Neo4j Provides Natural Language Processing at Scale, Making Equipment Repair More Efficient
The ChallengeAny time a Caterpillar machine is brought in for repair or maintenance, a technician creates a warranty document that chronicles the complaint, an analysis of the problem and the solution.
There’s a large-scale repository of technical documents, much of which was quite good from the outlook of labeling and computational linguistics standards. However, there was a lot of disparate data to connect.
The company recognized there was valuable data housed in more than 27 million documents and set about creating an NLP tool to uncover these unseen connections and trends.
For the last decade, they had already been exploring NLP for purposes such as vehicle maintenance and supply chain management. Although a large percentage of the data could be mapped correctly in some domains, it didn’t mean they could represent this knowledge and leverage it in a meaningful way.
“We wanted to create a system that would allow someone to ask any type of question as long as it was in the domain,” said Ryan Chandler, Chief Data Scientist at Caterpillar. “This meant creating a dialog system to test the use of a graph, demonstrate an open-ended user interface capable of answering questions and to develop a capability to create spoken human machine interface.”
The SolutionBecause a graph is the lowest level of structure and provides massive flexibility, graph databases are a natural fit for language processing and machine learning.
Language processing is often broken down into either dependency structures, which looks at the verb and draws arcs from the verb to the relationship of the other words relative to the verb, or it breaks down into a constituency tree. Both of these structures are graphs.
Caterpillar employed Neo4j for graph data structures to create a logical form of knowledge. This NoSQL alternative to relational databases allowed them to build ontologies and perform deduction.
To get from natural language to graph query results, the team created data architecture that ingests text via an open-source NLP toolkit, which uses Python to combine sentences into strings, correct boundaries and omit “garbage” in the text. Data is also imported from SAP ERP systems, as well as non-SAP ERP systems.

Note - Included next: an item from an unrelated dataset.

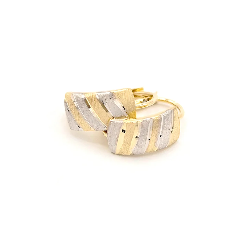 Elegantní náušnice dvě barvy zlata zaoblené zdobené pruhy v odlehčené verzi v lesklém vzhledu vhodné pro ženy i malé slečny.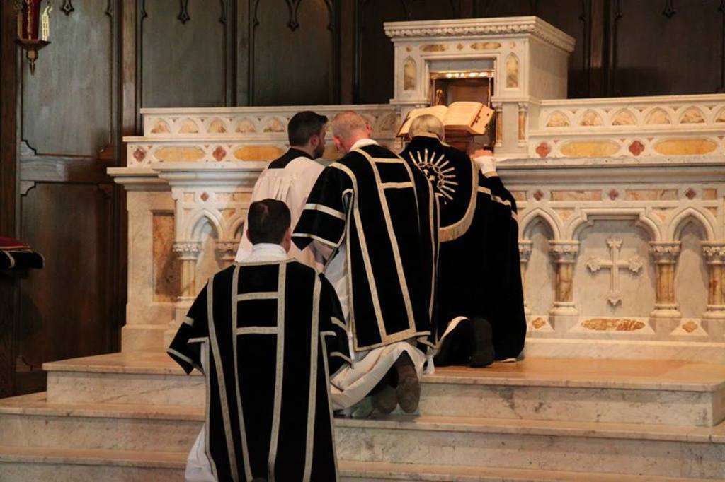 Good Friday Tenebrae Matins/Lauds Duplex I Classis, Black. In English. . . Note; Late in the evening on Maundy Thursday, 15 unbleached wax candles are lit on a triangular candelabrum (hearse); these will be extinguished one by one, starting from the bottom ends on up, after each psalm of Mattins and Lauds is sung The Office today is completely Proper and is stripped bare to its primitive form. The minor doxology Gloria Patri is now omitted entirely until the Paschal Vigil Mass. There is no Invitatory or Hymn; the lessons are read without conclusions and no responses are made. Mattins begin immediately with the first antiphon; three nocturnes as in the Proper, no Te Deum. . Psalms with lections {Antiphons and psalms from the Proper of the season} Nocturn I. Ant. The kings of the earth set themselves, * and the rulers take counsel together, against the Lord, and against His Anointed. Psalm 2 [1] 2:1 Why have the Gentiles raged, * and the people devised vain things? 2:2 The kings of the earth stood up, and the princes met together, * against the Lord and against his Christ. 2:3 Let us break their bonds asunder: * and let us cast away their yoke from us. 2:4 He that dwelleth in heaven shall laugh at them: * and the Lord shall deride them. 2:5 Then shall he speak to them in his anger, * and trouble them in his rage. 2:6 But I am appointed king by him over Sion his holy mountain, * preaching his commandment. 2:7 The Lord hath said to me: * Thou art my son, this day have I begotten thee. 2:8 Ask of me, and I will give thee the Gentiles for thy inheritance, * and the utmost parts of the earth for thy possession. 2:9 Thou shalt rule them with a rod of iron, * and shalt break them in pieces like a potter’s vessel. 2:10 And now, O ye kings, understand: * receive instruction, you that judge the earth. 2:11 Serve ye the Lord with fear: * and rejoice unto him with trembling. 2:12 Embrace discipline, lest at any time the Lord be angry, * and you perish from the just way. 2:13 When...

The Machine Learning Classification tool learns from the portion of data already tagged with terms such as cause or complaint to apply to the rest of the data.
It uses WordNet as a lexicographic dictionary to provide definitions for the words, the Stanford Dependency Parser to parse the text and Neo4j to find patterns and connections, build hierarchies and add ontologies.
Once this is all put together, users can conduct meaningful searches with simple Cypher queries.